Production has grown from approximately 14 million per day at the time we acquired these properties to about 29 million per day currently. This is about 55% higher than what we originally projected. This has been a great project for us, finding costs for the new wells are typically less than $1 per Mcf, which is outstanding. As good as the properties have been, I believe the future will be even better. We've identified a half Tcf net of low-risk, un-booked upside in the Nora Haysi area and with successful down spacing, could be double that. To put that in prospective, Range's total proved reserves are about 1.8 Tcf. So far, we've drilled 16 infill wells on 30-acre spacing. Early results for these wells are encouraging. Plans are to drill at least 35 additional 30 acre infill wells this year. Third project, while higher risk, represents the opportunity to more than double the Company by itself.
As to our Devonian shale play in the Appalachian Basin, it represents 2.5 to 5 Tcf of upside and currently we have more than 410,000 net acres in the play. We now have 15 vertical wells and one horizontal well online.
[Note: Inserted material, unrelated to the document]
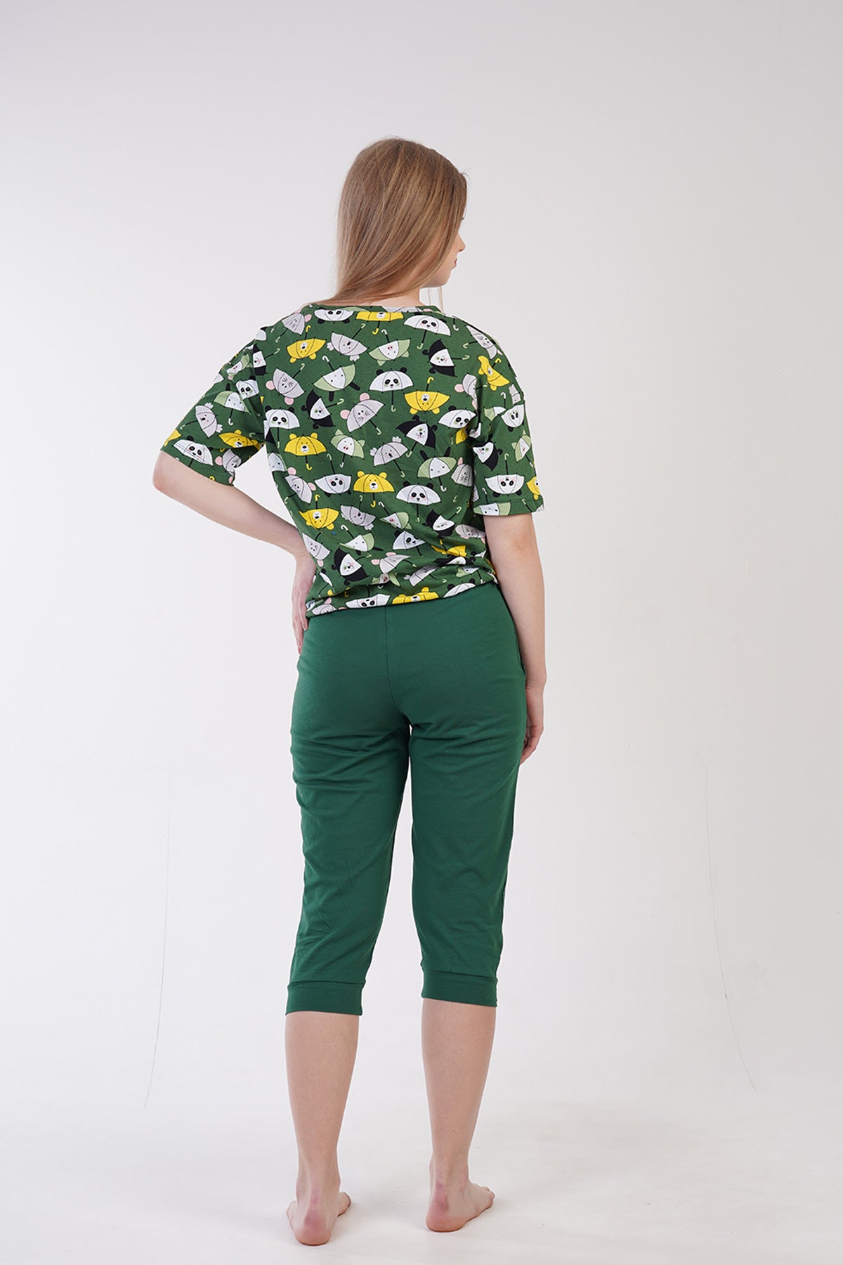 KADIN P.SUPREM O YAKA DUSUK OMUZLU KISA KOL BELI BUZGULU CEPLI MANSETLI KAPRI TAKIM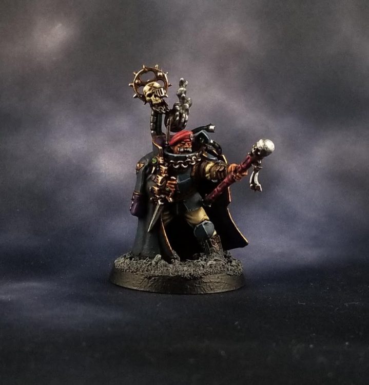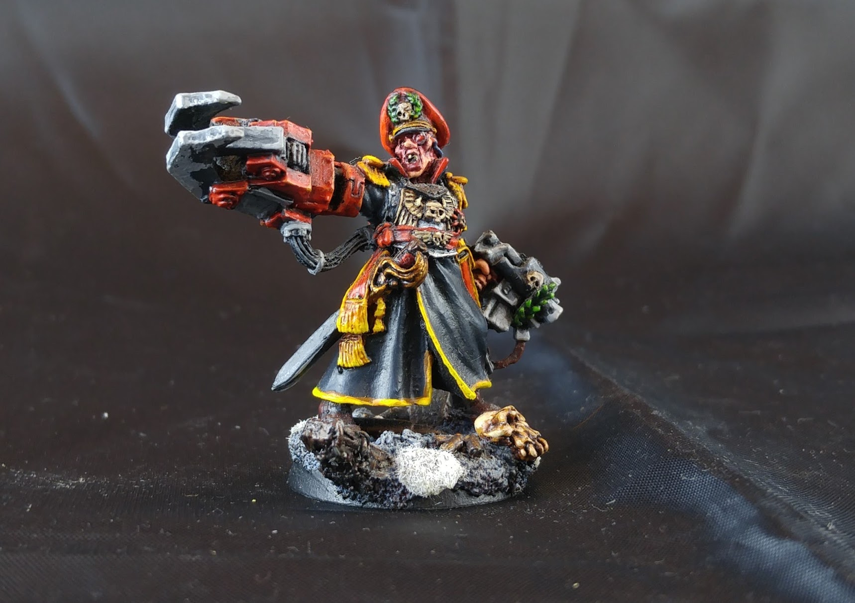 Colonel ‘Iron Hand’ Straken [4 PL, 80pts]: Bionic Arm with Devil’s Claw, Frag & Krak grenades, Plasma pistol, Shotgun

Our oldest vertical well has been online for about 15 months and two additional vertical wells were brought online shortly thereafter that. Results for these wells still indicate an estimated reserve potential of between 0.6 to 1 Bcf per vertical well. We've experimented with four types of hydraulic fractures in the 15 vertical wells that we've completed so far. We've learned a lot since we started. Given that we're the lead Company in this play and that we're still acquiring acreage, I cannot at this time discuss the details of exactly what we're doing. It's interesting to note that in the Barnett shale, Fayetteville shale, and Woodford shale, the early vertical wells were either marginally economic or uneconomic. I am encouraged that we are starting off our Devonian shale program with good results. It's also interesting to note, that after roughly more than 100 vertical wells in each of these three plays, the Barnett, the Fayetteville, and Woodford, that they eventually turned into horizontal plays.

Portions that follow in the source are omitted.